Long rubber hoses twist down dirt paths and tangle in skirting bushes, a plastic bag clings to the tip of a slouching branch, sheets of hardware cloth shield bagged plants, a camper van sits nestled in the grasses. Human activity is everywhere in Her’s landscapes. Her images deviate from the inclinations of early American West photographers in suggesting the majesty of the seemingly untouched, and instead offer up a land laden with intervention. Within the landscape, a portrait of a people emerges.

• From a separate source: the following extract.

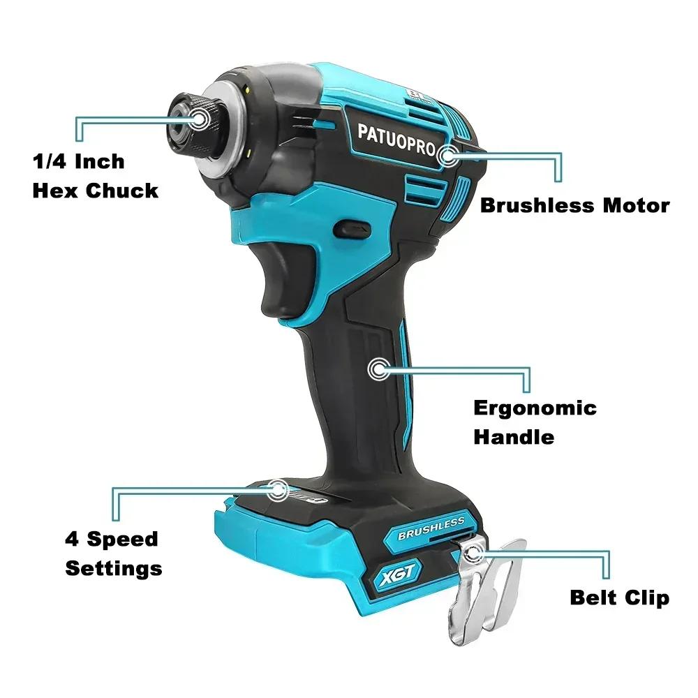 1/4 inch Brushless Electric Impact Screwdriver 4-Speed Cordless Compact Screwdriver Handheld Power Tool For Makita 18V Battery

She positions Her’s photography within the context of famed chroniclers of the American West, like Ansel Adams, Carlton Watkins, Timothy O’Sullivan, while also noting the unique perspective Her brings:

Paj qaum ntuj / Flowers of the Sky provides a contemporary take by offering a window into the lives of a people reestablishing cultural identities and histories via earthly intervention. The Hmong community settled on this land provide the mediation it requires and with that, continue to reestablish the rural lifestyles of their roots. A revisitation to past prosperity in opium agriculture is allowed for and with it, a holistic cultural return. Through still and moving images, Her prods at the boundaries between landscape and portraiture, identity and place, human and earth. She lays out the joining of a past and a present—a place and a people. 

Paj qaum ntuj / Flowers of the Sky closes on January 22, 2023.